Rent arrears

Recent months have seen a wave of media and political attention paid to household bills and the cost of living. We’ve seen commitments made and pressure brought to bear on everything from energy bills to mobile phone contracts. Rail prices have been in the news, as have planned price rises in the water sector. At National Debtline we see the front end of these issues. We’re getting more and more calls for help from people with mobile phone debts, water rate arrears, and energy arrears. These are all fast growing debt problems, but none of them is the fastest. Up until the start of this year that unwanted accolade fell, perhaps unsurprisingly, with payday loans. This year the fastest growing debt problem we deal with at National Debtline should give us all pause for serious reflection.

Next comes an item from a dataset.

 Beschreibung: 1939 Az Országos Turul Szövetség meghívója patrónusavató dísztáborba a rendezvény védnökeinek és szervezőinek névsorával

In the past 12 months we’ve seen a 13 per cent rise in calls for help from people with rent arrears. Whilst the pace of this problem is quickening it is by no means a new concern. Calls for help with rent arrears have been increasing steadily over time – they are up 150 per cent over five years. Paying to keep a roof over your head is the most fundamental element of any household budget, so we should all be extremely concerned that more people are struggling to meet this most basic cost of living.

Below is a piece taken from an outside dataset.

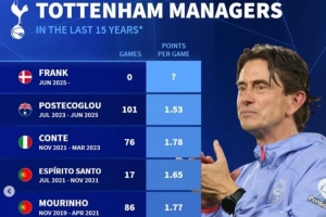 体育资讯6月13日讯 热刺官宣托马斯-弗兰克成为球队新帅,德转对热刺近15年主帅的场均得分进行了统计,博阿斯1.91分最高,波斯特科格鲁1.53分最低。

So what is driving this rise in rent arrears?


The first thing to consider is the cost of renting, which has been going up for some time. As more and more young people take more time to save the requisite funds to get on to the property ladder, the demand for rented accommodation increases. We already know that supply of housing is extremely limited and so the recipe for rental price increases is pretty clear. Whilst more mortgages are being taken out, the Bank of England has quickly moved to cool this activity fearing it might overheat the economy. As such there is little sign of this trend for rising rental costs changing in the short term. Whilst incomes remain relatively flat, the cost of rent is eating further and further into the household budget.


Additionally changes to the welfare system will have hit low income families quite specifically in the part of their household budget that covers housing costs. Where the new cap on total benefits is exceeded, it is Housing Benefit which gets cut. Additionally the Spare Room Subsidy – commonly known as the Bedroom Tax – will mean some low income families have seen a sharp increase in their rent. 

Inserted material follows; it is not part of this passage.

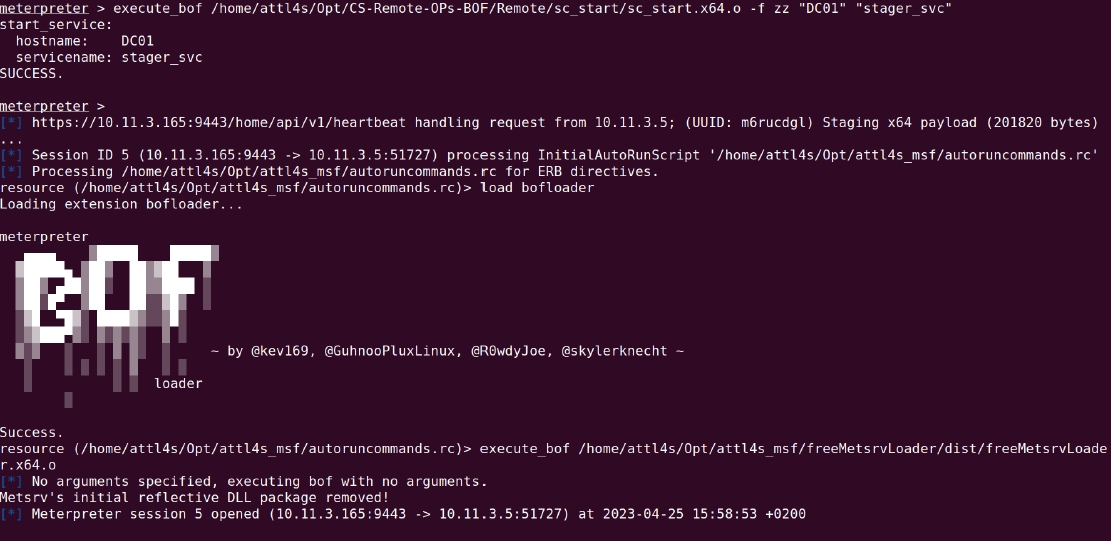 Using the sc.exe native tool, we can use our new security context to create services on the remote device to execute payloads like beacons. The sc_start.x64.o file can be used to start a service remotely.

Making sure households prioritise essential spending such as their rent payments is just one of the vitally important elements of debt advice. That is why it is crucial anyone falling into rent arrears seeks free, impartial advice as soon as possible. We’re looking to work more closely with housing associations in the coming months to help ensure this happens. We’ll be offering training so that staff at housing associations can understand and deliver the basic principles of debt advice, and we’ll be helping them understand how to respond when their tenants need debt advice. 


As a society we should place very serious value on keeping a roof over families’ heads. With a reported long and cold winter ahead, it is more important than ever to ensure we can reach people struggling with housing costs before the problem becomes too deep to resolve.